Figure 2: Performance comparison between RoCE and FC
With its intelligent traffic identification and proactive, differentiated control, the new network can increase bandwidth utilization and lower latency during congestion. Compared with the FC-SAN that BOC used previously, the network can reduce the latency during congestion caused by traffic surges by up to 50% (see figure 3).
Figure 3: Changes in latency of a 256 KB data block
When a network fault occurs, the switch on the network can quickly detect changes in host, storage device, and network status, and notify the host of multipath failover. The whole process takes less than one second, ensuring high system reliability.
The new storage network was built on universal Ethernet switches and runs on the IP and RoCE common storage network protocols. This makes the core business systems more open and standardized, while allowing the bank to have full autonomy over its core business.
The network can interoperate with the operating systems commonly used in the banking industry, enabling the bank to develop scenario-specific services with third parties based on open and standard APIs, contributing to a thriving ecosystem.
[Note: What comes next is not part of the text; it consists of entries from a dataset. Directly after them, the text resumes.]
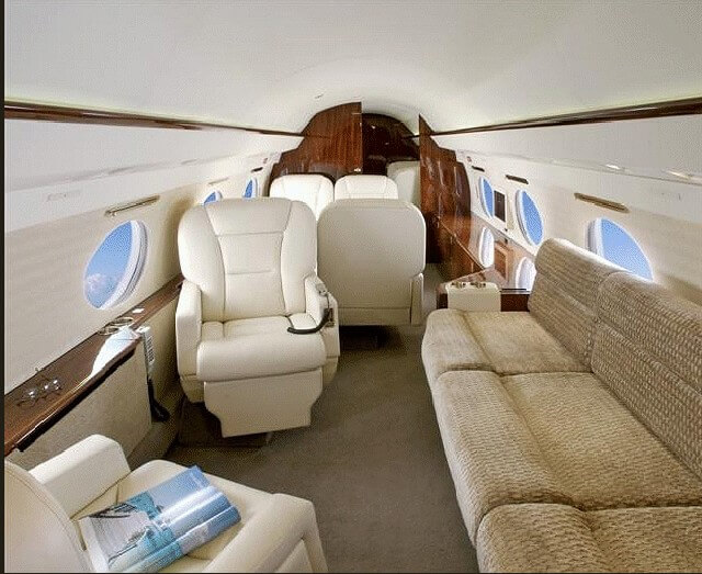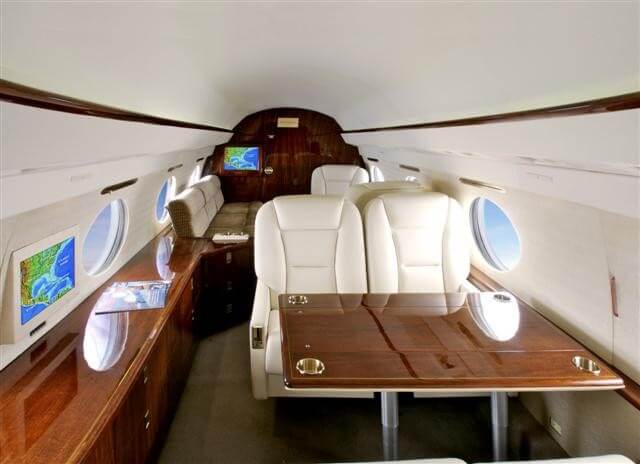 - Seating: Jet Flex cream leather seating, taupe Porta Bella fabric divans, forward 2-place club, mid-cabin 4-place conference group, dual aft individual club seats opposite 3-place berthable divan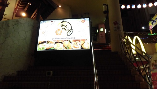 国際通りにはアグー豚を食べられる店がたくさんありましたが、その中で、沖縄三味線ライブもやっている店にしました。国際通りの真ん中らへんにある、割と目立つ店です。
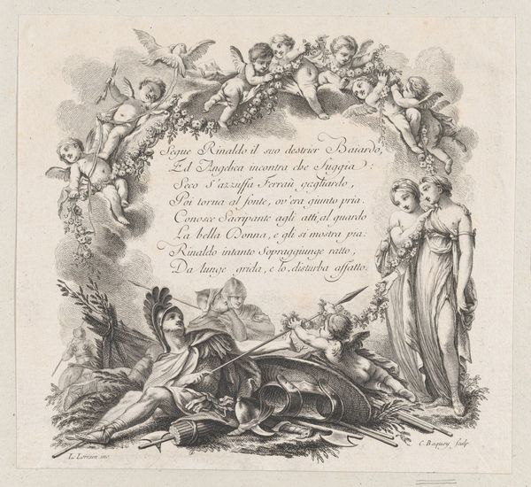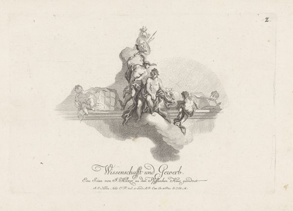 Curator: Here in the Rijksmuseum, we're looking at "Geweld en nijd," or "Violence and Envy," an engraving created by Johann Esaias Nilson around 1765-1770. Editor: It’s chaotic! All those intertwined figures... and the central figure brandishing what looks like a scythe? The composition itself feels violent, reflecting its name I think. Curator: Absolutely. Nilson's baroque style conveys a sense of drama, depicting art personified as a figure suffering. You see violence and envy attacking it, while Time intervenes to rescue it. This fits within a broader understanding of art's role in society and the historical power structures at play. The idea of protecting artistic expression resonates profoundly in our contemporary context, right? Editor: Yes, it makes you wonder about the economics of the artwork at the time. Consider the material process involved—the engraver, the paper, the ink, each playing a crucial role in its dissemination and survival to our present moment. It reflects not only its intrinsic beauty, but the labour, resources, and the societal value ascribed to art. And that, of course, relates directly to contemporary conversations around ownership and access, and whether those considerations even extend to the masses. Curator: I think it raises important questions about who gets to define art and whose voices are valued, that continue to this day. The print is clearly an allegory. I’m seeing some clear intersectional aspects—looking at who has been historically silenced, misrepresented, and actively excluded within these narratives around art and power. The female personification of Art in a patriarchal society, her fragility...It is fascinating when considering the feminist theorists from the past. Editor: Seeing an engraving—so mass-produced relative to a painting, let’s say—suggests art wasn't just for the elite. Its social value lay also in that reproduction and distribution of images. Curator: It certainly adds a layer to our appreciation, considering both the themes portrayed and how accessible art might have been in the 18th century versus how its consumed and regarded now. Thank you. Editor: It certainly underscores how inextricably linked art, labor, and society truly are, and this all extends to its reception across time. Thank you.

The latest-generation intelligent lossless storage network allows for seamless interconnection between the SAN in a data center and the LAN in common service scenarios and concurrent operations of both. This reduces management complexity and O&M costs while cloudifying storage servers, improving the automation and service agility of the entire IT infrastructure.
The new network provides high-performance networking with 100G access/400G forwarding, which can support the large-scale deployment of tens of thousands of storage servers on the distributed cloud platform.
In the future, BOC will continue to drive the evolution of its storage network to make it more stable, reliable, intelligent, and efficient. By building remote long-haul transmission and online data compression into the network, BOC will be able to develop a comprehensive geo-redundant disaster recovery system.
BOC's RoCE-SAN intelligent lossless storage network has already proven its value. This kind of network is a completely new technical domain and more work is needed to further improve BOC's storage network.
BOC has pioneered the use of latest-generation intelligent lossless storage networks in the financial industry, a major breakthrough for the bank. The successful deployment of this storage network offers a clear example that others in the financial and banking sector can follow when they upgrade their own IT architecture.
Building on this network, BOC will consolidate the data foundation that supports its financial service systems and build itself into a world-class bank while continuing to pursue digital and intelligent transformation.